## Stored data
★ ★ ★ ★ ★ ★ ★

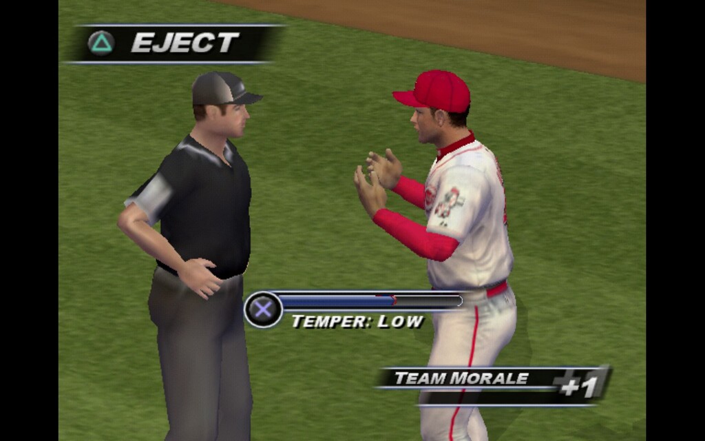 You can even argue with the ump to boost team morale, tap X to increase your temper, and even choose to get ejected to really boost morale. I haven’t seen this as an option in years, and think it should be in every baseball game ever.
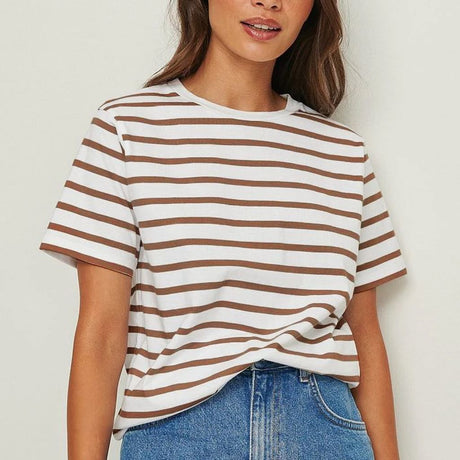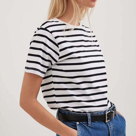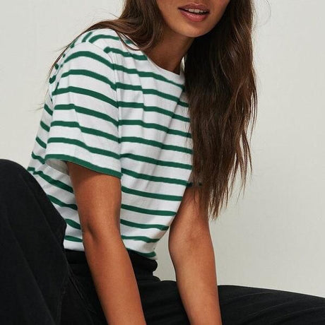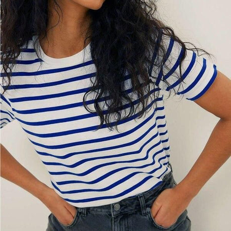 Normaler Preis $ 1,068.00 MXNGrundpreis /Nicht verfügbarKurzärmliges gestreiftes Sommer-T-Shirt
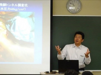 講演内容としては、福井県内で整備が進む北陸新幹線等での鉄道工事や、東海・北陸自動車道飛騨トンネルなどの事例を踏まえながら、ゼネコンの現場・設計・技術開発の仕事内容についてでした。また、企業が求める人物像として自ら考え自ら行動できる人などを具体的に挙げられ、学生たちは熱心に耳を傾けていました。
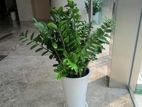 3、金钱树放在办公室里。金钱树植株新抽的羽状复叶有“龙凤木”的别称,十分奇特。复叶上的椭圆形或卵圆形小叶,质地厚实,浓绿可爱。如果将数株合栽于一个精致的青花瓷盆中,就会给人一种蓬勃向上、葱翠欲滴的感觉。最适合摆放办公桌上,适合开幕、升迁,预示着给你带来滚滚财运。同时,金钱树调节湿气的功能还能在办公室发挥作用。开着空调的办公室有着几盆金钱树会变得更健康。
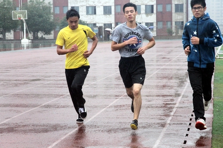 青春为冠,梦想为衣。他们在雨中踏着铿锵的步伐,跑出属于自己的青春活力。顽强拼搏是他们永恒的信念,争夺第一是他们不变的追求。或许已分不清他们脸上流淌的是雨水还是汗水,我们看到的是他们风雨中勇往直前的奔跑。
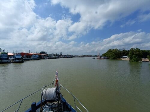 チュンポンの川を上っていきます。タイの川の色。
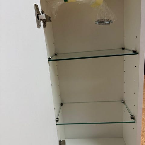 Käytetty valkoinen peilikaappi, jossa kaksi ovea ja kaksi lasihyllyä.
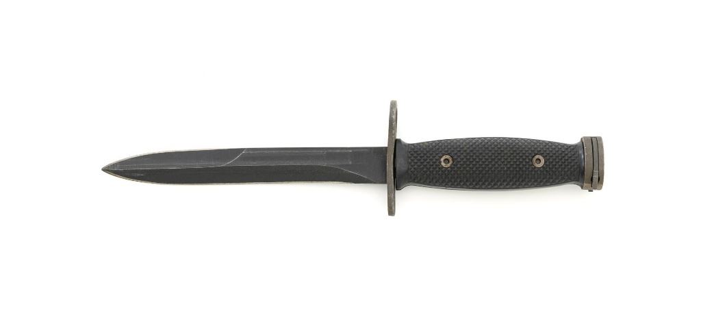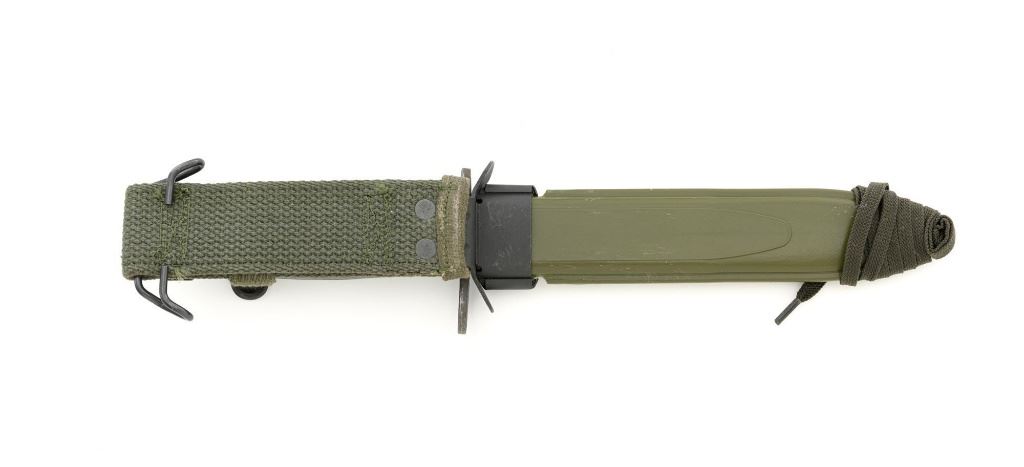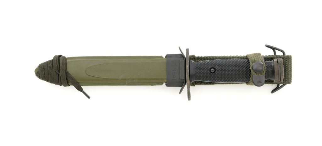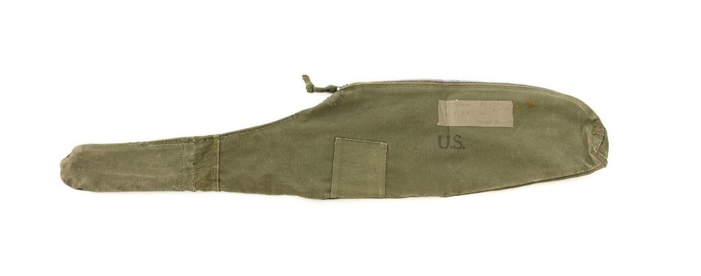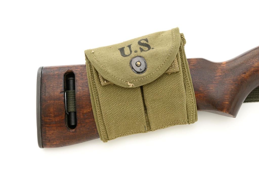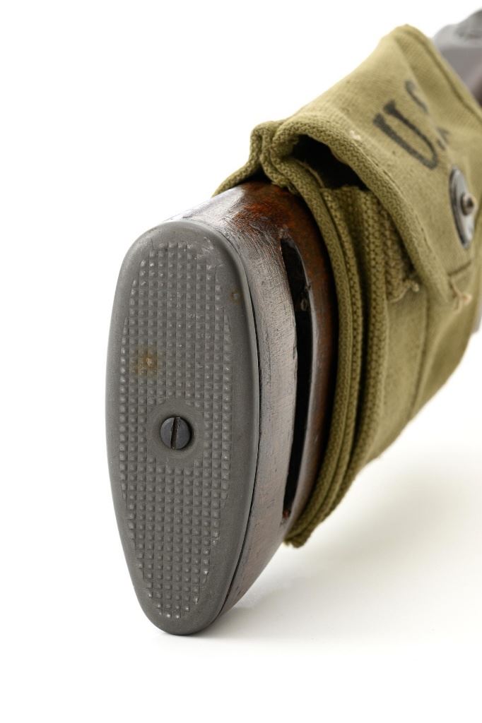 U.S. National Postal Meter Semi-Automatic M1 Carbine, #4245362, .30 carbinecal., 18" barrel, parkerized finish, walnut stock, bayonet lug, blade front sight withears, and adjustable rear peep sight. Included are two (2) "U" marked 15-roundmagazines, reproduction OD sling, 1943 dated stock pouch, 1944 dated muzzlecover, used 1944 Shane MFG. Co. case, post-war K.I. marked M4 bayonet andscabbard. Receiver is marked "NATIONAL/POSTAL METER/4245362". Barrel ismarked "I.B.M. CORP." No import marks. Carbine is in fine overall condition,retaining approx. 90%+ arsenal reparkerized finish, with some patina on the bolt.Low wood stock is marked "P-J" in the sling well, with "(crossed cannons)" on theright side. Stock is in good condition, with scattered mostly moderate marksthroughout, particularly on the left side below the receiver. Action works properly.Bore is excellent with sharp rifling. Accessories range from very good to finecondition. Shane Mfg. Co. case is missing both leather tabs. Bayonet and scabbardare in like new condition. Est.: $1,200-$1,500. (C&R) (Magazines with a capacity greater than 10-rounds are not available for sale to CA residents or other stateswhere such items are prohibited.)

★ ★ ★ ★ ★ ★ ★

## What is needed
A verbatim reproduction is expected: starting at the line above that has "講演内容としては、福井県内で", ending at the line that has "3、金钱树放在办公室里。金钱", both included, and with no pictures and no other lines.

## Written response
 講演内容としては、福井県内で整備が進む北陸新幹線等での鉄道工事や、東海・北陸自動車道飛騨トンネルなどの事例を踏まえながら、ゼネコンの現場・設計・技術開発の仕事内容についてでした。また、企業が求める人物像として自ら考え自ら行動できる人などを具体的に挙げられ、学生たちは熱心に耳を傾けていました。
 3、金钱树放在办公室里。金钱树植株新抽的羽状复叶有“龙凤木”的别称,十分奇特。复叶上的椭圆形或卵圆形小叶,质地厚实,浓绿可爱。如果将数株合栽于一个精致的青花瓷盆中,就会给人一种蓬勃向上、葱翠欲滴的感觉。最适合摆放办公桌上,适合开幕、升迁,预示着给你带来滚滚财运。同时,金钱树调节湿气的功能还能在办公室发挥作用。开着空调的办公室有着几盆金钱树会变得更健康。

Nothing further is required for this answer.